▶ EXERCISE PROMPT: Transcribe the following entries word for word; no picture is to appear in the copy.

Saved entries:
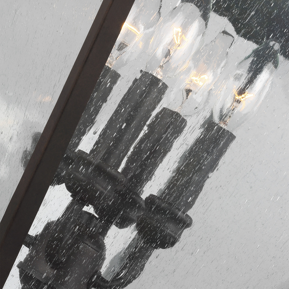 The Sean Lavin Galena four light outdoor post top in sable creates a warm and inviting welcome presentation for your home's exterior. Galena is a Europe-inspired classic lantern. Simple and refined, Galena features a gently curved hook detail atop a vented, square-off roofline, and candle tubes floating within the tapered clear glass shades. Galena is a warm, welcoming silhouette offered in our NEW Sable finish.
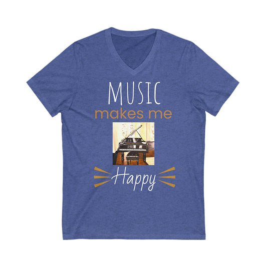 Unisex Jersey Short Sleeve V-Neck Tee, Piano Art, Music, Happy
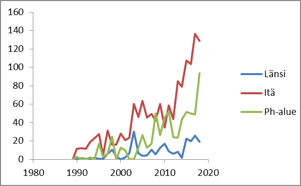 | Kuva 1. Riistakolmioiden talvilaskentoihin pohjautuva laskelma ahmojen lukumäärästä kolmella alueella vuosina 1989–2018. Lähde. Luken kanta-arvio 27.11.2018. |
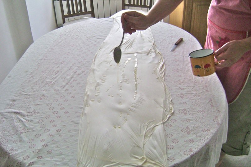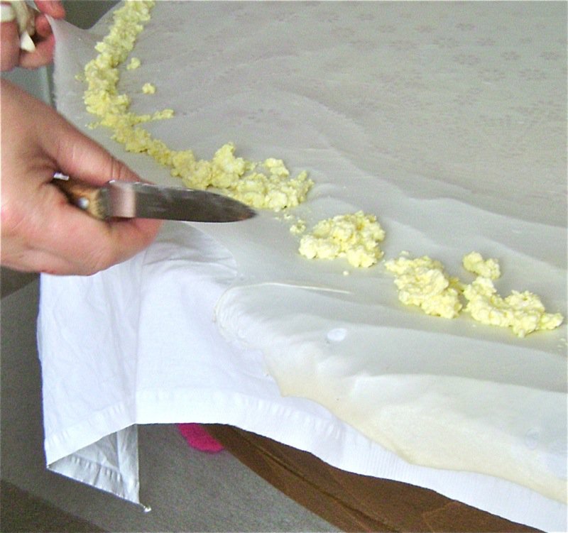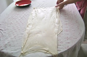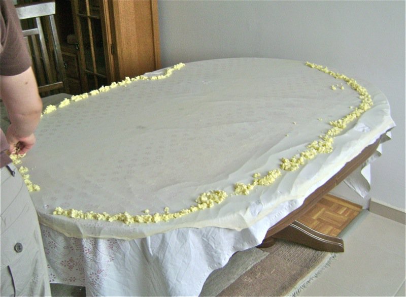 After the meal, we had a lot of dough left from all of the bits hanging over the table that were cut off of each pastry laden with filling. Elsada had them rolled into another dough ball, rolled, and resting while we ate. Now we make yet another traditional treat: maslenica! This is the pastry with nothing in it. Apparently they love to eat it as a treat with kajmak (impossible to describe unless you have had it, but it is a very sour milk cheese-like food) and pavlaka (similar to sour cream). Look at the gorgeous thin dough. Yes, there are some thicker bits as this is made with the left over pieces. It will probably not have the beautiful air bubbles in it, but it will be a beautiful treat.
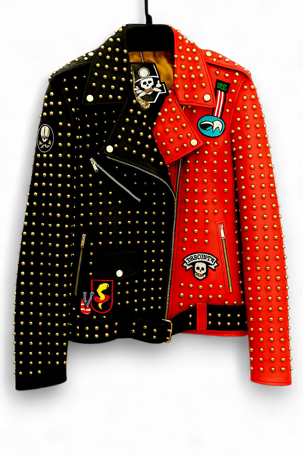Crafted Leather New Classic Punk Style Red/Black Studded Leather Jacket
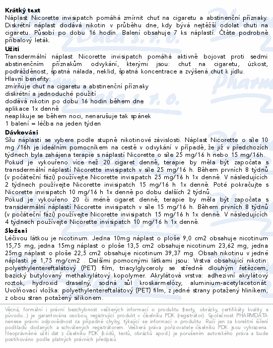 Náplast Nicorette invisipatch pomáhá zmírnit chuť na cigaretu a abstinenční příznaky. Diskrétní náplast dodává nikotin v průběhu dne, kdy bývá nejtěžší odolat chuti na cigaretu. Působí po dobu 16 hodin. Balení obsahuje 7 ks náplastí. Čtěte pozorně příbalový leták.
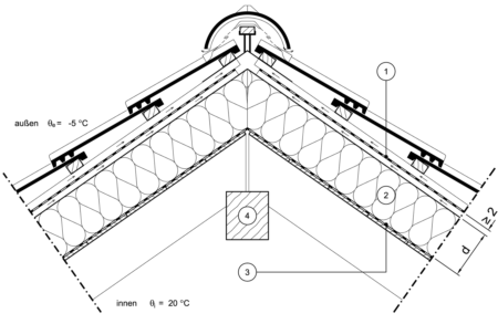 zu beheiztem Dachraum, Pfettendach (35°), mit Aufsparrendämmung
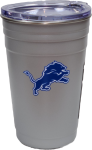 Use this Detroit Lions Logo Brands 22oz Flipside Stainless Tumbler to keep your drinks cold, gray with blue lions logo on one side and bule LIONS on other side, made by Logo Brands
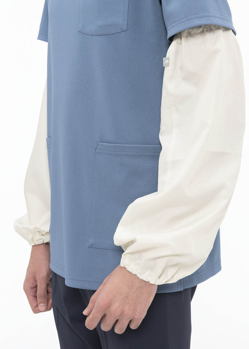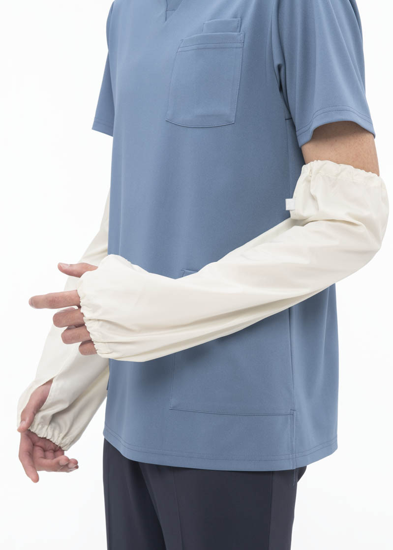 腕部分への飛沫を防ぐアームカバー。先端部分の開き部分に親指を通していただくと甲の部分もカバーできます。軽量で撥水処理をした素材を使用し、繰り返し洗濯して清潔に使用できる環境にも優しいアイテムです。▼▽▼ 商品の詳細情報はナガイレーベン公式サイトよりご覧いただけます ▼▽▼
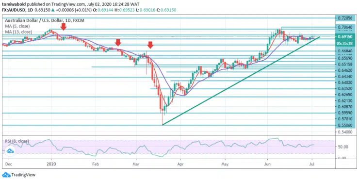 Taking a look at the daily AUDUSD chart we can see that beneath lies the moving average of 5 and 13 with the support of the trendline. Furthermore, bulls are watching the latest 0.7064-level high for a potential upside breakout.
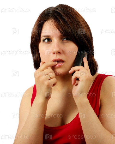 Задумчивая привлекательная брюнетка говорит по мобильному телефону, изолированная на белом фоне
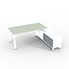 Bureau de direction sur retour porteur gamme RIO - 180 x 165 cm - plateau verre blanc - piètement blanc - portes gris fumé
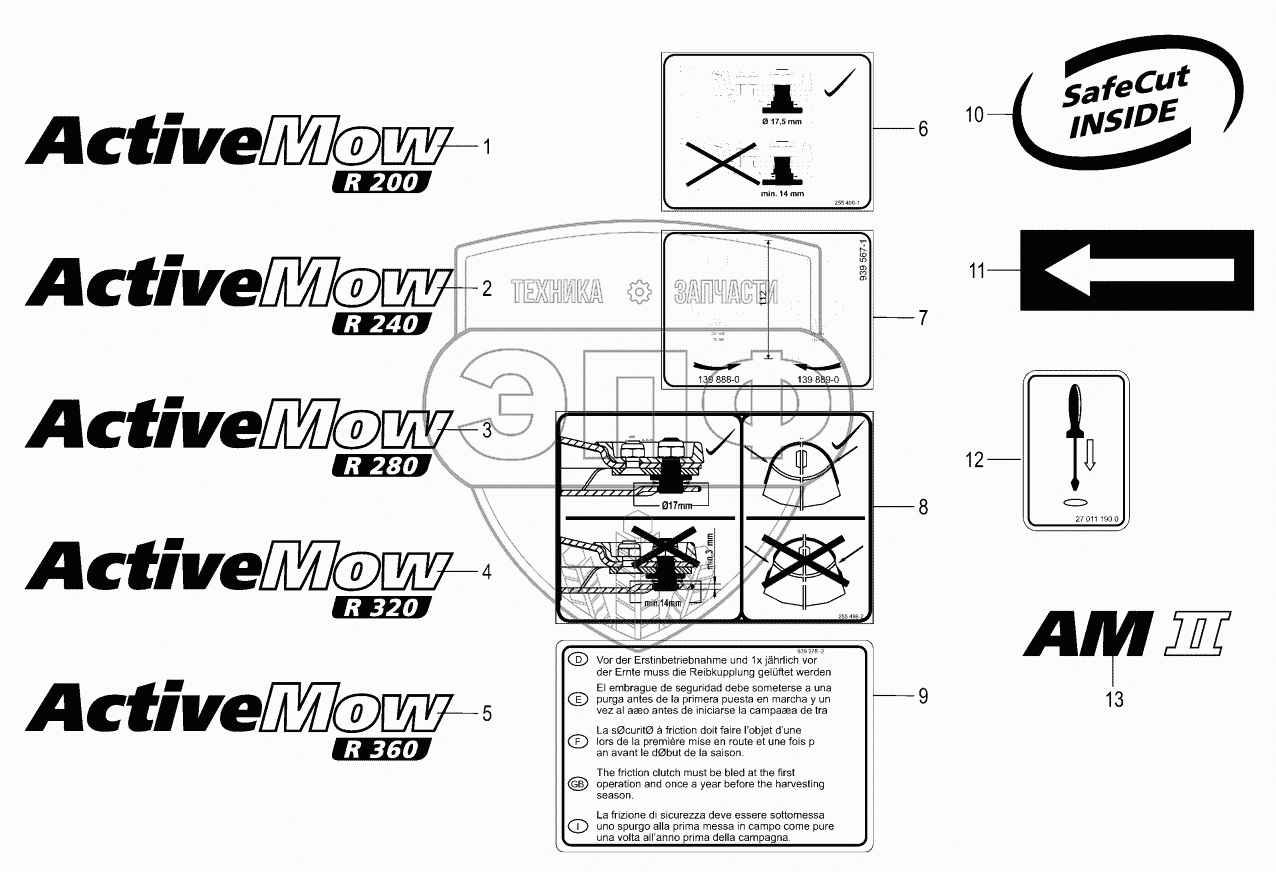 Каталог запасных частей к технике: KRONE ActiveMow R360. General information labels

▶ ANSWER TO THE EXERCISE:
 The Sean Lavin Galena four light outdoor post top in sable creates a warm and inviting welcome presentation for your home's exterior. Galena is a Europe-inspired classic lantern. Simple and refined, Galena features a gently curved hook detail atop a vented, square-off roofline, and candle tubes floating within the tapered clear glass shades. Galena is a warm, welcoming silhouette offered in our NEW Sable finish.
 Unisex Jersey Short Sleeve V-Neck Tee, Piano Art, Music, Happy
 | Kuva 1. Riistakolmioiden talvilaskentoihin pohjautuva laskelma ahmojen lukumäärästä kolmella alueella vuosina 1989–2018. Lähde. Luken kanta-arvio 27.11.2018. |
 After the meal, we had a lot of dough left from all of the bits hanging over the table that were cut off of each pastry laden with filling. Elsada had them rolled into another dough ball, rolled, and resting while we ate. Now we make yet another traditional treat: maslenica! This is the pastry with nothing in it. Apparently they love to eat it as a treat with kajmak (impossible to describe unless you have had it, but it is a very sour milk cheese-like food) and pavlaka (similar to sour cream). Look at the gorgeous thin dough. Yes, there are some thicker bits as this is made with the left over pieces. It will probably not have the beautiful air bubbles in it, but it will be a beautiful treat.
Crafted Leather New Classic Punk Style Red/Black Studded Leather Jacket
 Náplast Nicorette invisipatch pomáhá zmírnit chuť na cigaretu a abstinenční příznaky. Diskrétní náplast dodává nikotin v průběhu dne, kdy bývá nejtěžší odolat chuti na cigaretu. Působí po dobu 16 hodin. Balení obsahuje 7 ks náplastí. Čtěte pozorně příbalový leták.
 zu beheiztem Dachraum, Pfettendach (35°), mit Aufsparrendämmung
 Use this Detroit Lions Logo Brands 22oz Flipside Stainless Tumbler to keep your drinks cold, gray with blue lions logo on one side and bule LIONS on other side, made by Logo Brands
 腕部分への飛沫を防ぐアームカバー。先端部分の開き部分に親指を通していただくと甲の部分もカバーできます。軽量で撥水処理をした素材を使用し、繰り返し洗濯して清潔に使用できる環境にも優しいアイテムです。▼▽▼ 商品の詳細情報はナガイレーベン公式サイトよりご覧いただけます ▼▽▼
 Taking a look at the daily AUDUSD chart we can see that beneath lies the moving average of 5 and 13 with the support of the trendline. Furthermore, bulls are watching the latest 0.7064-level high for a potential upside breakout.
 Задумчивая привлекательная брюнетка говорит по мобильному телефону, изолированная на белом фоне
 Bureau de direction sur retour porteur gamme RIO - 180 x 165 cm - plateau verre blanc - piètement blanc - portes gris fumé
 Каталог запасных частей к технике: KRONE ActiveMow R360. General information labels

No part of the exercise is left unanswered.